You can specify a distribution other than the one shown here. For more information, see Official Tutorial (https://github.com/hyperopt/hyperopt/wiki/FMin).
In hyperopt, you need to define what to minimize as a function.
For SVM, the function definition is as follows.
def objective(args):
#Model instantiation
classifier = SVC(**args)
#Model training using train data
classifier.fit(x_train, y_train)
#Label prediction using validation data
predicts = classifier.predict(x_test)
#Calculate micro f1 using predictive label and correct label
f1 = f1_score(y_test, predicts, average='micro')
#This time I want to maximize the micro f1 soMultiply by 1 to minimize
return 1*f1
The argument ʻargs contains the
hyperopt_parameters` defined in the previous section.
In this example, we first set the defined parameters to create an instance of SVM.
Next, we train the model using the train data.
Use the trained model to predict the label of validation data.

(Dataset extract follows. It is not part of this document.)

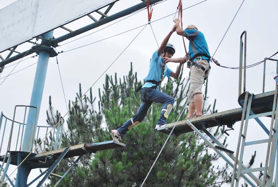 參加訓(xùn)練的64名隊員(含銷售部的3位隊員)分成無敵隊、先鋒隊、西班牙隊三個小組,展開了較量。他們經(jīng)歷了“市場迷宮”的考驗、感受了“七巧板”營銷游戲的切膚之痛、經(jīng)受了在雨中“斷壁攀巖”的挑戰(zhàn)、分享了“畢業(yè)墻”的感動。在兩天的拓展活動中,東信人吃苦耐勞、勇于拼搏的精神得到了充分地體現(xiàn)。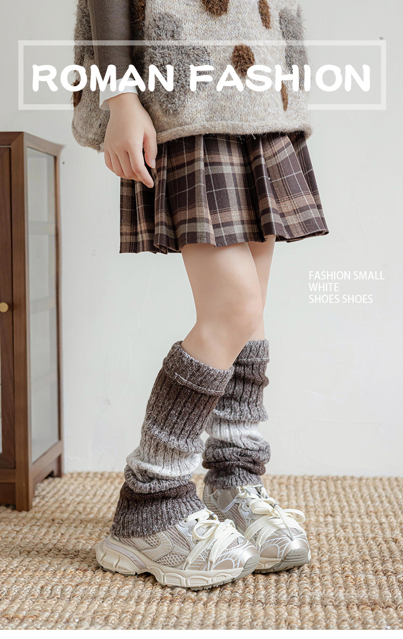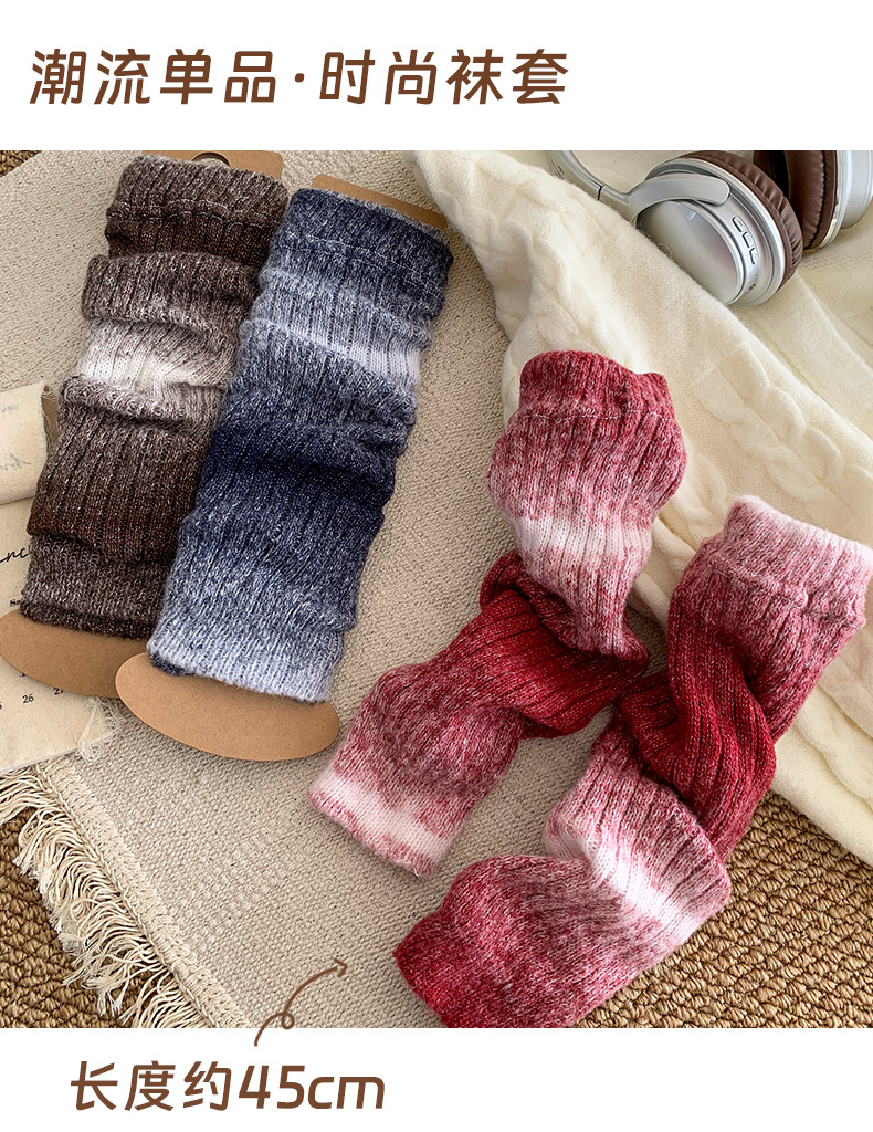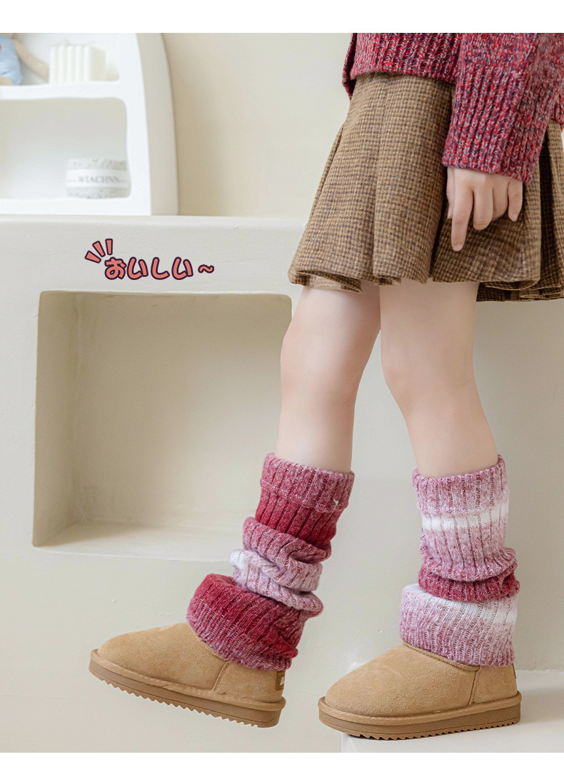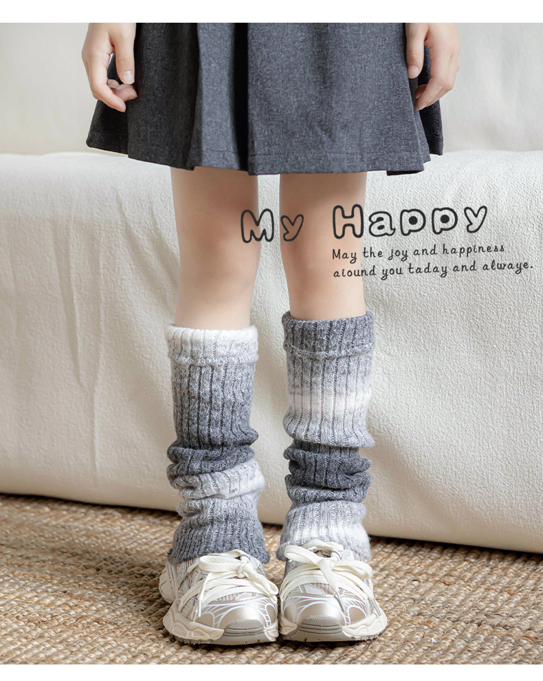 소녀 양말 가을과 겨울 그라디언트 두꺼운 긴 다리 커버 수직 스트립 따뜻한 소녀 서양식 대비 색상 더미

This time, the purpose is to find the parameter that maximizes the micro f1, and the micro f1 of the validation data is calculated.
It returns the last calculated micro f1, but note that hyperopt only supports minimization. Therefore, when finding the parameter that maximizes the value like this time, multiply it by 1 and return it.
Search for parameters using the predefined hyperopt_parameters
and def objective
.
Search for parameters by doing the following.
#Number of iterations
max_evals = 200
#An instance that records the process of the trial
trials = Trials()
best = fmin(
#A function that defines the value to minimize
objective,
#Dict or list of parameters to search
hyperopt_parameters,
#Which logic to use, basically tpe.suggest ok
algo=tpe.suggest,
max_evals=max_evals,
trials=trials,
#Output trial process
verbose=1
)
By passing hyperopt_parameters
and def objective
to the function fmin
, parameters are searched, but in addition to that, the instance trials
for recording the calculation result, how many times to search It also specifies the max_evals
to specify.
By calculating in this way, the parameters that minimize obejctive are calculated.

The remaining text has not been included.